As Trump’s “Big Beautiful Bill” (more accurately called the MAGA Murder Bill) is winding its way through the compliant and spineless “public servants” (note quotation marks) in the House and Senate, a great deal of the public’s attention will be focused on the bill’s main thrust, which is to rob the poor to further enrich the obscenely wealthy. In order to achieve that goal, the GOP–which used to portray itself as the party of “fiscal sanity”–proposes to add 3.6 trillion dollars to the deficit over the next ten years.
But the overall cruelty of the measure shouldn’t preclude a look at the fine print–the nasty culture-war provisions that Republicans in Congress slipped in, in hopes that discussions of the major elements would shield them from view. Robert Kuttner of The American Prospect recently listed several of them.
Perhaps the most egregious is an effort to cripple the courts. A provision would prohibit any funding from being used to carry out court orders holding executive branch officials in contempt. It would enable Trump and his officials to defy court orders at will. It is almost certainly unconstitutional—but then, so are most of the actions of this appalling administration.
The bill protects the tax preparation industry by repealing the Direct File measure sponsored by the Biden administration. That program allowed taxpayers to save money by using a free IRS tool to file their tax returns, relieving them of the need to pay commercial tax preparers.
The bill also adds to MAGA’s savage attacks on migrants, adding $45 billion for construction of immigration jails. (This is more than 13 times ICE’s current detention budget.) In addition to the money, the provision would allow for the indefinite detention of immigrant children, and would charge families $3,500 to reunite with a child who arrived alone at the border. Asylum seekers will have to pay an “application fee” of at least $1,000. (Because people fleeing horrific circumstances are presumably flush?)

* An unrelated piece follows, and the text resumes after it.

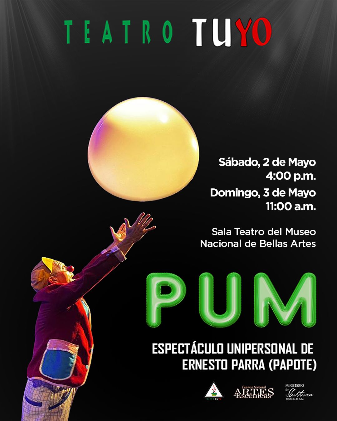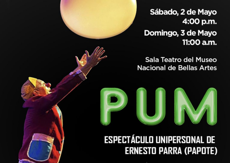 Teatro Tuyo presenta PUM, una obra protagonizada por Ernesto Parra (Papote), quien lleva a escena un espectáculo donde la emoción y el lenguaje del clown se convierten en el centro de la experiencia. Las funciones tendrán lugar el sábado 2 de mayo, a las 4:00 p.m., y el domingo 3 de mayo, a las 11:00 a.m., en la Sala Teatro del Museo Nacional de Bellas Artes.
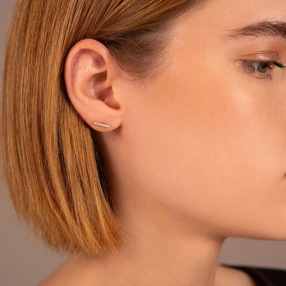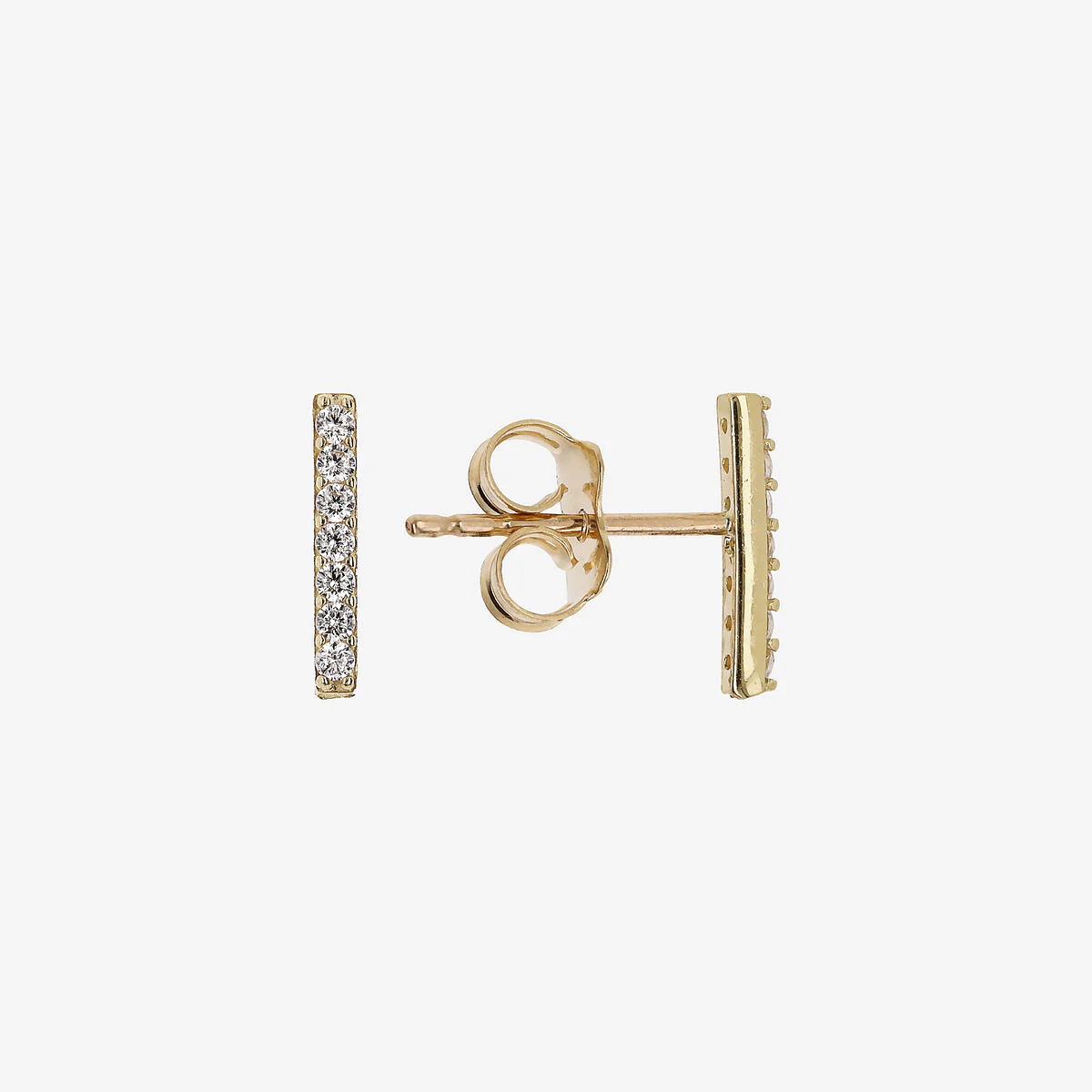 Orecchini a lobo in Oro 375/1000 dal design a barretta impreziosita da piccole cubic zirconia, qualità luminosa.

Just in case some non-profit organizations in civil society have the nerve to criticise our would-be king, the reconciliation bill gives the administration the power to label nonprofits as “terrorist-supporting organizations,” a designation that can be used to terminate their tax status. Giving the administration such authority would be an open invitation to our demented autocrat to suppress the free speech and activism of climate and civil liberties organizations, among others.
Other bits of “fine print” more directly support the major goal of the bill: protecting the extremely wealthy against efforts to get them to pay their fair share of taxes–basically, exempting the rich from paying their dues to the country that made their accumulation of wealth possible. As Kuttner reports, the bill would gut an Estate Tax that is already massively favorable to the top 1%..
As if the current exemptions were not enough, the bill raises the no-tax floor to a staggering $15 million for single people and $30 million for couples in 2026. So a couple could leave $29.99 million to their heirs, tax-free. As recently as 2001, 2.1 percent of estates paid some tax. With this change, the percentage falls to less than 0.08 percent.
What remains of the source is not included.